= Sonia Baxendale =

Canadian executive

Sonia Ameena Baxendale is a Canadian executive in the financial services industry. She received her undergraduate degree from the University of Toronto and has been recognized as one of the Top 100 Most Powerful Women in Canada. She has worked in senior positions for CIBC and Foresters and in 2019 she was named president and CEO of the Global Risk Institute.

== Biography ==
Baxendale obtained her undergraduate degree from the University of Toronto after attending Victoria College and went to work for American Express Canada and Saatchi & Saatchi before joining CIBC in 1992.

Baxendale held various leadership roles at CIBC including Senior Executive Vice-president, CIBC Wealth Management, Executive Vice-president, Asset Management, Card Products and Collections, and Executive Vice-president of Global Private Banking and Investment Management Services. Under her leadership of the Retail Market, CIBC became Canada's largest issuer of Visa and MasterCard.

In 2011, Baxendale retired from CIBC during a reorganization of the executive leadership team.

From July 2017 to January 2018, Baxendale served as Co-Interim President and CEO of Foresters Financial until Jim Boyle was hired as full time CEO. She remains a member of Forrester's Board of Directors - a role she has held since 2012. She also serves on the boards of Laurentian Bank and CI Financial and is a non-executive board member at RSA.

In December 2019 the Global Risk Institute announced that Baxendale would replace Richard Nesbitt as CEO effective January 7, 2020.

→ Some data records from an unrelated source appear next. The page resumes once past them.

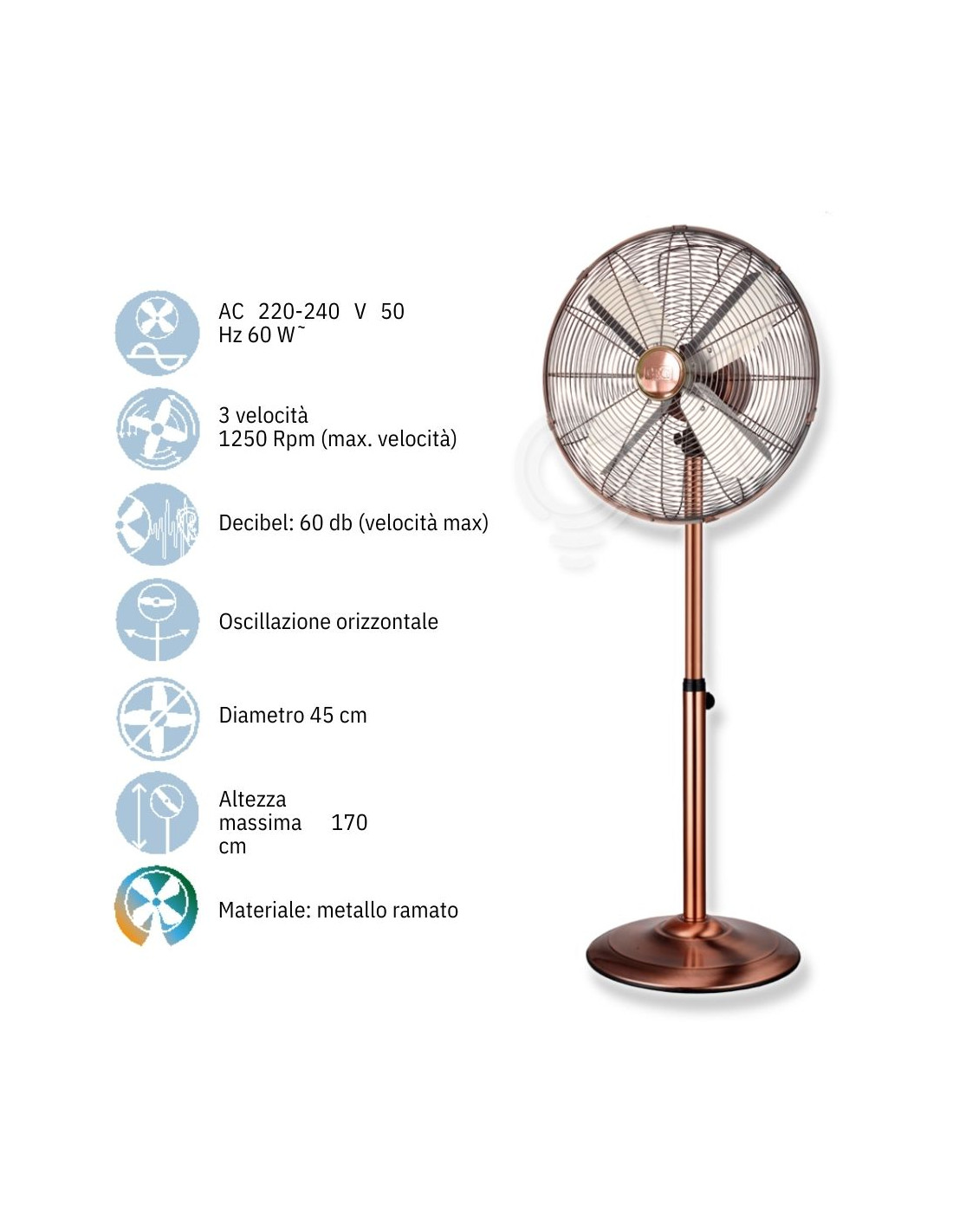 Mit einer Spannung von 220–240 V Wechselstrom und einer Frequenz von 50 Hz sind Leistung und Energieeffizienz gewährleistet und sorgen für ein optimales Erfrischungserlebnis. Mit einer Leistung von 60 W liefert dieser Ventilator einen kräftigen und erfrischenden Luftstrom. Seine maximale Drehzahl von 1250 U/min sorgt für eine schnelle und gleichmäßige Luftzirkulation im gesamten Raum, während die horizontale Oszillation eine noch breitere Verteilung der Frischluft ermöglicht.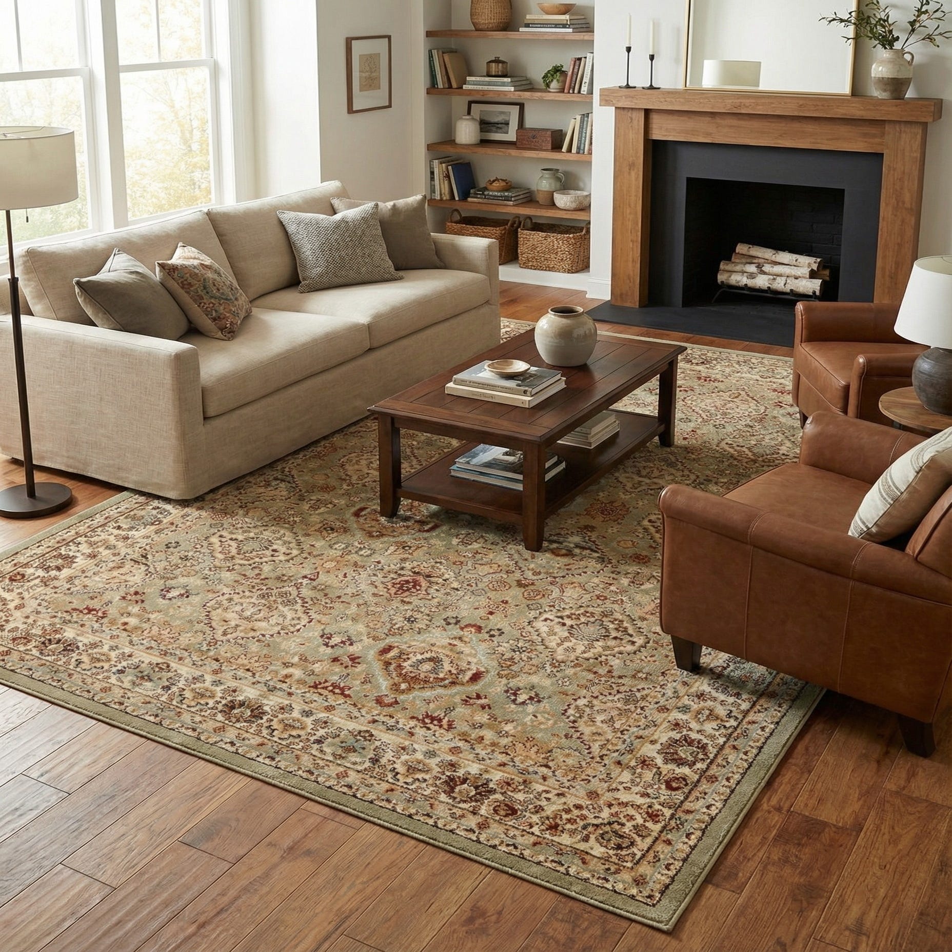 Primary color is Light Green. Colors in this rug include: Light Green, Cream, Light Blue, Red, Rust Red, Tan, Brown.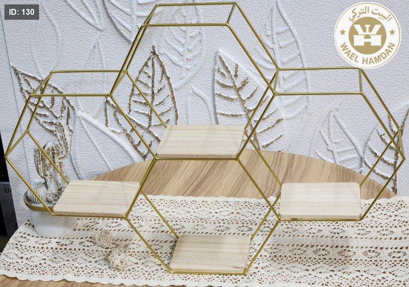 ستاند تعليق ذهبي مع قواعد خشبية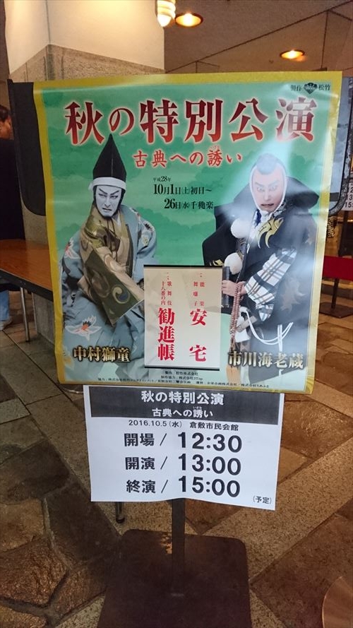 歌舞伎鑑賞 2016 10.05 10月05日(水)倉敷市民会館で催された市川海老蔵さん主演『秋の特別講演 古典への誘い』に行ってきました。歌舞伎の写真は撮れないのでランチと美観地区での様子です。 参加された皆さん 『秋の特別講演 古典への誘い』 一. 能楽 舞囃子 「安宅」 二. 歌舞伎 一八番の内 「勧進帳」 武蔵坊弁慶 … 市川 海老蔵 源義経 … 市川 九團次 亀井六郎 … 市川 右の助 片岡八郎 … 片岡 市蔵 駿河次郎 … 大谷 廣松 常陸坊海尊 … 市村家 橘 富樫左衛門 … 中村 獅童 山陽新聞社 営業局 事業本部 企画推進室室長 春木香里さん チケットの手配で大変お世話に なりました。 ありがとうございました。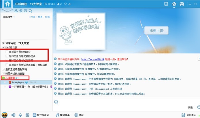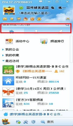 登陸后,在標紅搜索框中,搜索頻道:10956745,并進入“環球網校-yy大講堂”,進入后雙擊“心理講堂”,即可進入直播。進入頻道后,還可以點右上角的五星☆進行收藏。
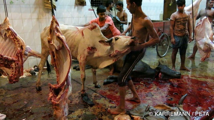Leather production in Bangladesh. Cows are killed without any stunning.
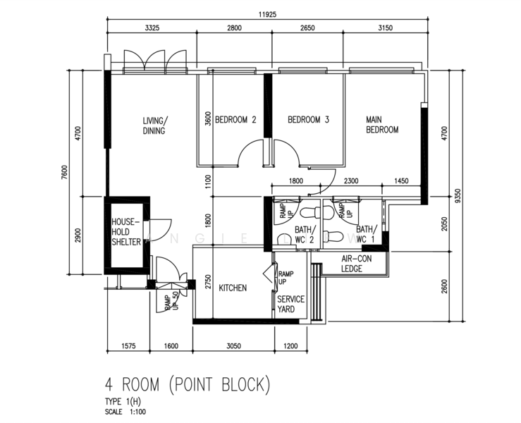 - Size: 1001sqft (93 sqm) | Model 4A (3 bedrooms + 2 bathrooms)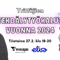 Yrittäjä - älä jää jälkeen tekoälyn rynnistyksestä markkinoille. Tervetuloa maksuttomaan iltatapahtumaan kuulemaan, mitä sinun tulee tietää tekoälytyökaluista sekä kuinka voit hyödyntää…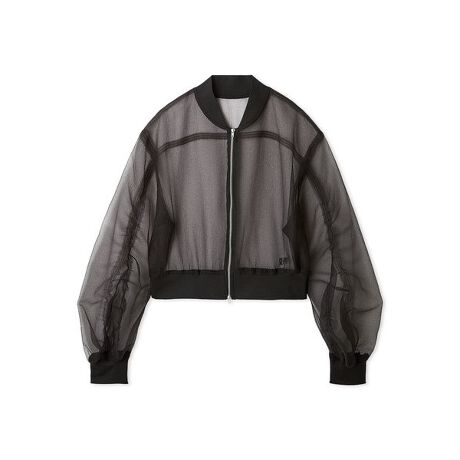 ワッシャー加工を施しシボ感、ハリ感と透け感のあるファンシーな素材感のオーガンジーで作成いたしました。MA-1ブルゾン風の切り替えディティールとほどよいサイズ感のシルエットが特徴。軽くてシワが気になりにくく、カーディガン感覚で着用できるライトなデザインなので、夏の冷房対策に持ち運ぶのもおすすめのアイテムです。左下にさりげなく施されたロゴ刺繍もポイント。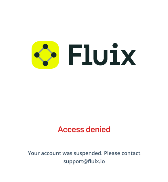 Once suspended, Admin will see a popup message on the Admin Portal, saying ‘Access denied. Your account was suspended. Please contact support@fluix.io’: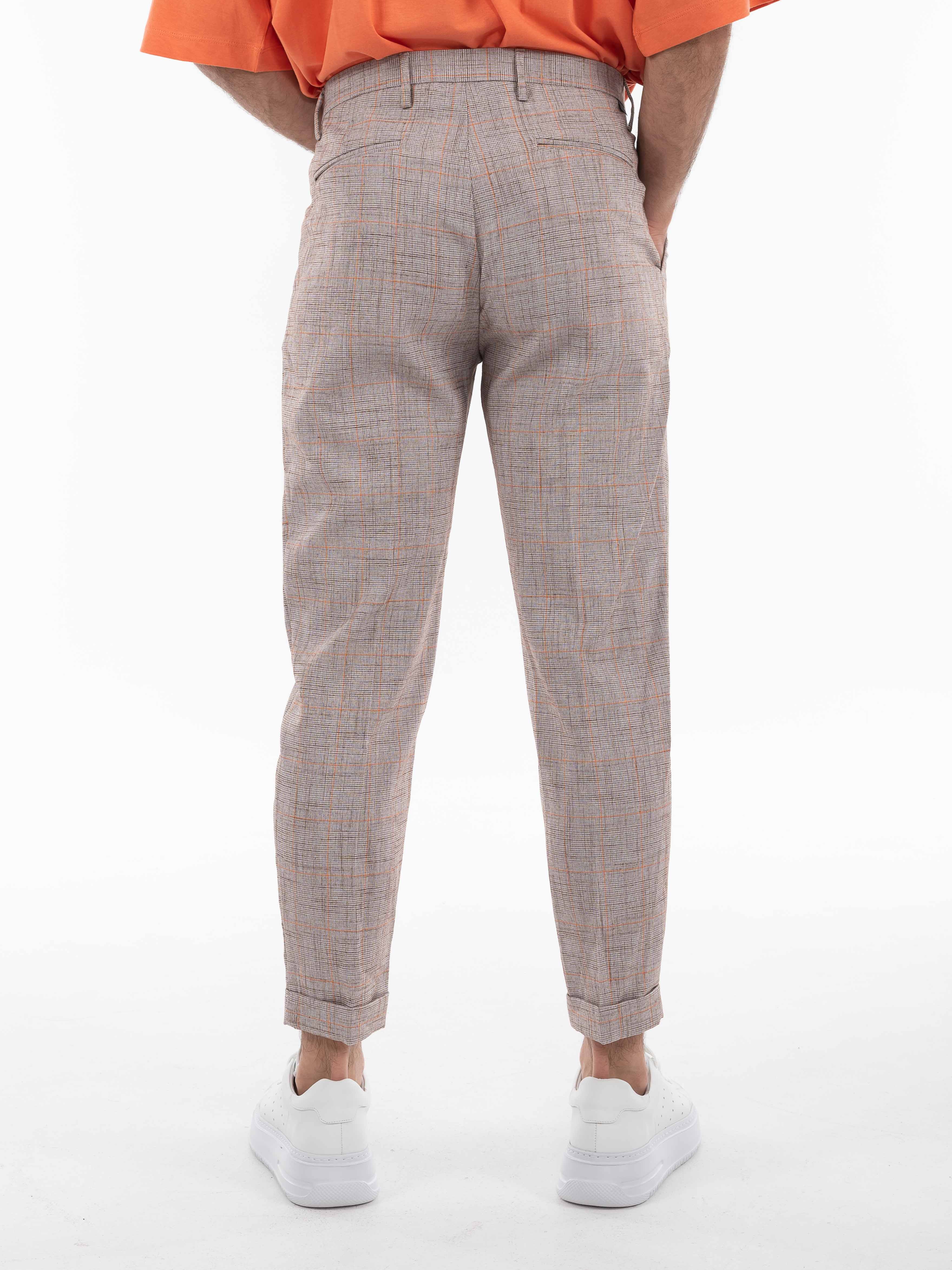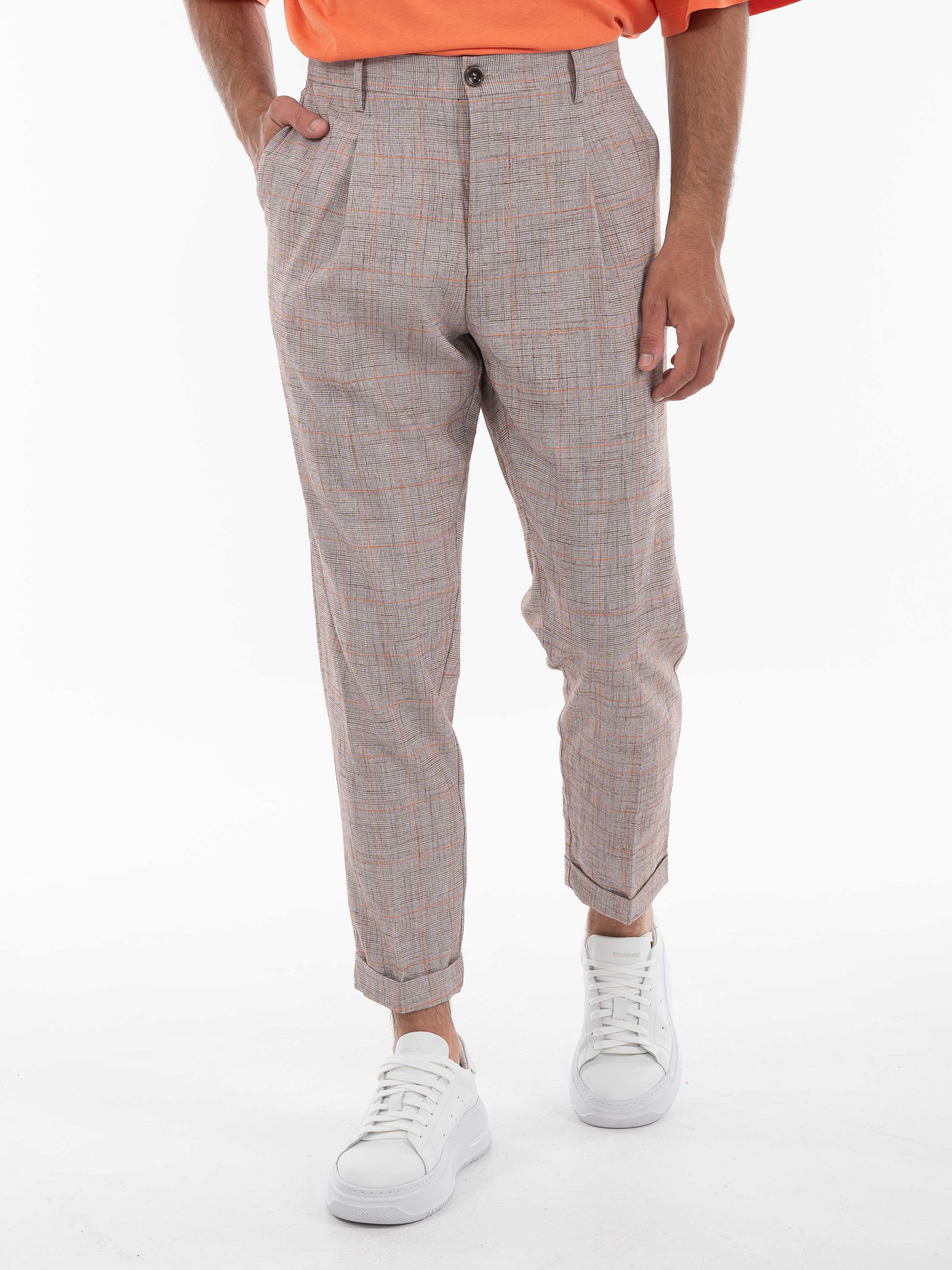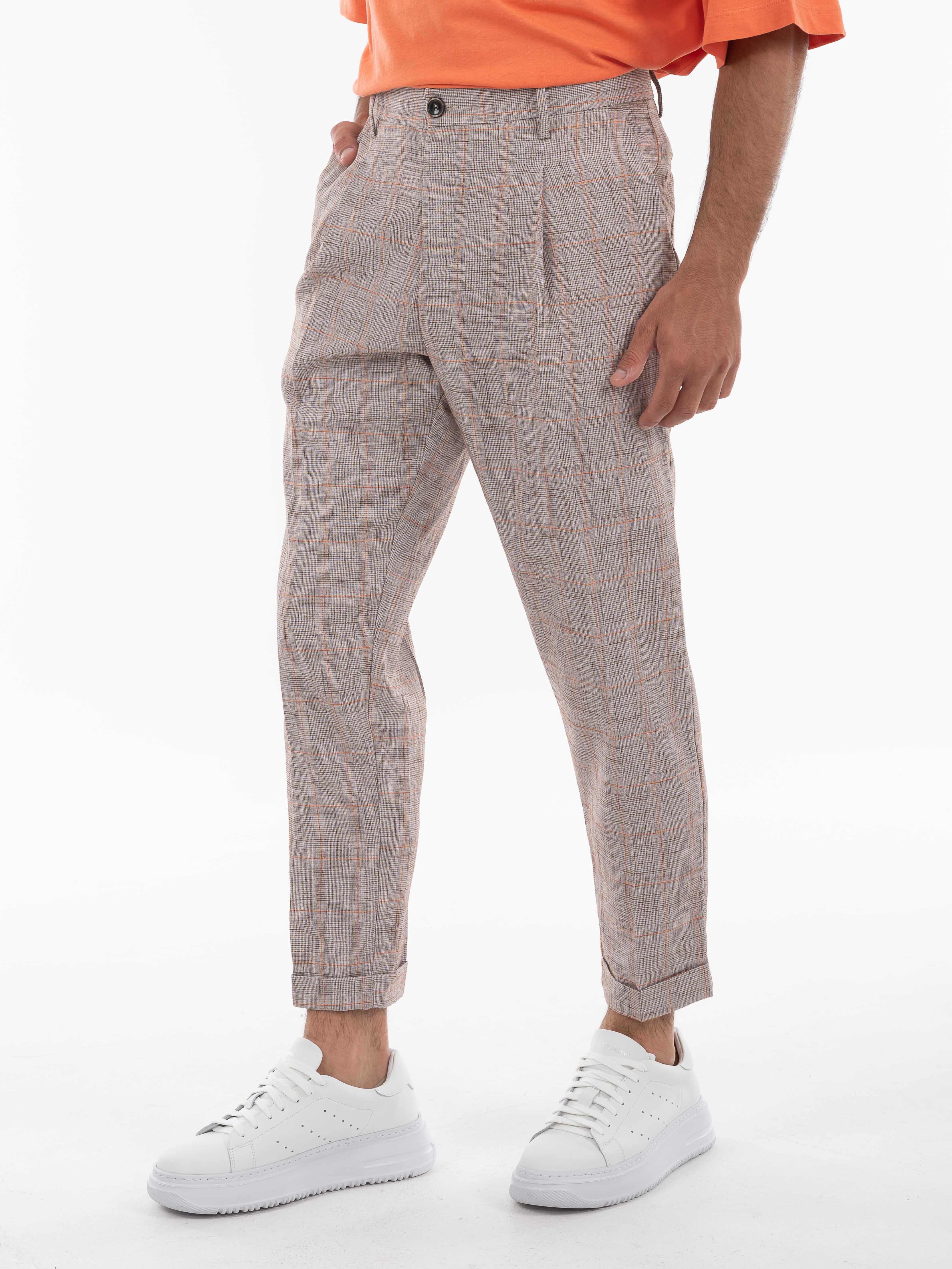 Χαρακτηριστικά: >: Παντελόνι καρό σε regular fit γραμμή με πιέτα. 70% polyester 25% viscosw 5% elastane

Baxendale now serves on a number of private and not-for-profit boards including the University of Toronto's Rotman School of Management Master of Financial Risk Management Advisory Board. In 2007 she joined the Board of Directors of SickKids Foundation and now serves as chair of the Board of SickKids Foundation and a member of the board of trustees for The Hospital for Sick Children.

Baxendale also served as a member of the board of directors for the Toronto Symphony Orchestra from 2012 to 2016. The TSO has undergone a number of leadership changes; Jeff Melanson resigned as president and chief executive officer (CEO) of the Toronto Symphony Orchestra (TSO) after only serving 18 months. The orchestra announced that Sonia Baxendale would assume the interim role for six months while a replacement for Melanson was found.

== Awards and honors ==
In 2000 Baxendale was recognized as one of the Top 40 Under 40 in Canada She was inducted to Canada's Most Powerful Women: Top 100™ Hall of Fame in 2010 after having won the annual award three years in a row.

She is a recipient of the University of Toronto, Victoria College Alumni of Distinction award in 2017.